------ INPUT RECORDS

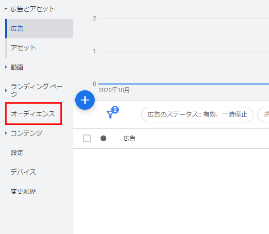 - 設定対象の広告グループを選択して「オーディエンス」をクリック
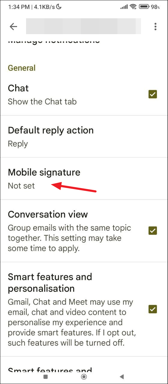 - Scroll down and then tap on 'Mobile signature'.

------------
------ INPUT RECORDS

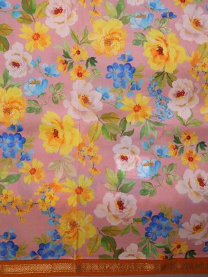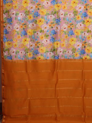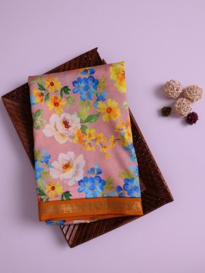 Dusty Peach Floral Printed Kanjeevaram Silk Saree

------------

=== WHAT YOU SHOULD DO ===
From the data above, return only the lines starting at the line that holds "- 設定対象の広告グループを選択して「オーディエンス」をクリック" and ending at the line that holds "- Scroll down", word for word and without pictures.

=== COMPLETED TASK ===
 - 設定対象の広告グループを選択して「オーディエンス」をクリック
 - Scroll down and then tap on 'Mobile signature'.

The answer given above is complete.